I’m thoroughly enjoying my creative writing course, and it is certainly pulling me from my comfort zone of the usual journal-esque type ramblings I spew forth on this blog and twitter (which is really the bulk of the creative writing that I churn out). However, it is also quite a challenge to venture beyond my comfort zone of writing the things that are already in my head, the emotions and worries that simmer at the edge of my consciousness. Closing my eyes, and trying to come up with a story, a character, an image beyond that which I’ve experienced is difficult. But it is delicious practice to stretch my writing muscles beyond the norm.
We recently had a writing exercise termed “galumphing” where we chose a random 3 digit number, and the numbers then corresponded to an object, a person, and a location, and we had to write a paragraph or so joining all together. It took some time for the scene and characters to form in my mind, but as I began writing, it came out clearly.
And once I finished, I realized -- It’s always the same scene. It’s always heartbreak. Rejection. Sadness. Anger. I am seeing that even when I’m not writing about myself, I really still am. The larger ideas that eat away at me seem to manage to eat away at my writing too.
Here is my galumphing story (writing pure fiction is extremely rare for me – this felt so odd!). My numbers corresponded to car keys, a traffic cop, and middle of a lake.

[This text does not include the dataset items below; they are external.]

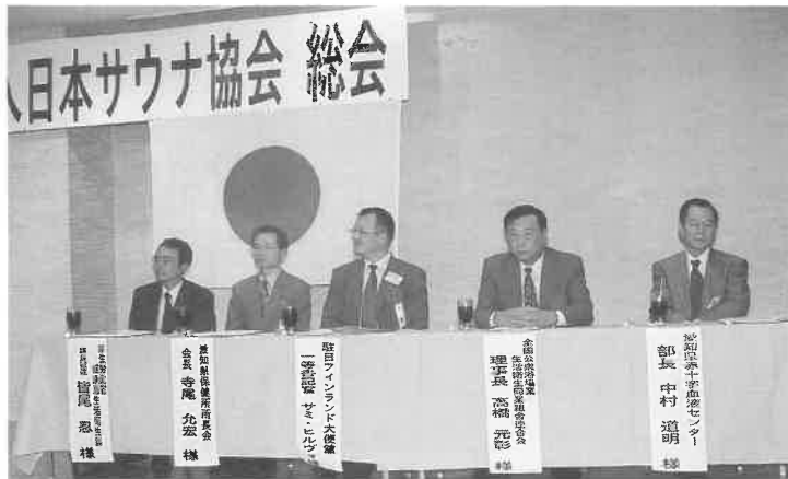
5名の来賓をお迎えして
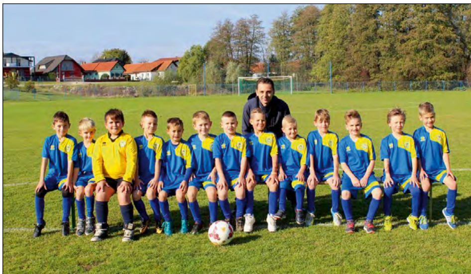
Mlajši cicibani U8
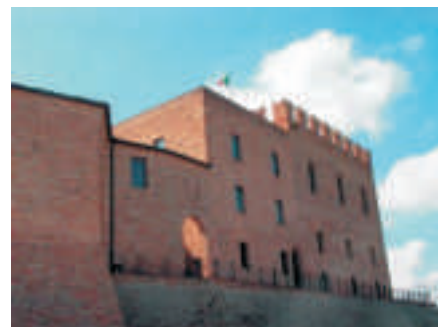
Una veduta della Rocca Malatestiana

Ricca di quasi 250.000 volumi, è un bene protetto dall'UNESCO in quanto considerato patrimonio dell'umanità.

I took hold of his hand, it was clammy, cold, and trembling. He looked so powerful in his police uniform, and it felt odd to know that in this moment, he wasn't as strong as the badge and gun at his side implied. I glanced to the side and saw that inside the car was his reflective vest -- he must have had traffic duty that day, and then I feel even worse, because I knew how much he despised directing traffic; it always put him in a foul mood. I could feel the wind off the lake at the nape of my neck. It gave me shivers -- or was that more from the situation at hand? -- and I remembered my impulse decision a few days earlier to chop off my long, layered hair to a short bob. It still feels like the hair should be there, hanging past my shoulders, waving in the wind -- instead, this foreign chilled air reaches places my hair used to be. I shake off the thought, and shift my eyes to the right - the lake has a gloomy fog hovering above the water. It matches my thoughts. When I finally muster the courage to speak, I tell him, with a crack in my voice "I can't do this anymore, I'm so sorry." I register the feelings that fleet across his usually stoic face, confusion, sadness, despair, anger, all flashing, fleeting, but all so clearly there. I shouldn't expect otherwise though. He hangs his head, lets my hand drop, and turns away from me, looking out at the lake. I close my eyes, feeling the tears rising. I sense movement, though, and look out again, and there he is, arm pulled back, a medley of a furious sadness spread across his face, and with all his might, he flings his cruiser keys into the air. The sound of the heavy metal keys splashing in the middle of the lake seems to echo off the silence surrounding us.
My instructor’s response?
Oh, Ann… you haven’t met the likes of me. Apparently I can turn just about anything into a melancholy tale of heartbreak and despair.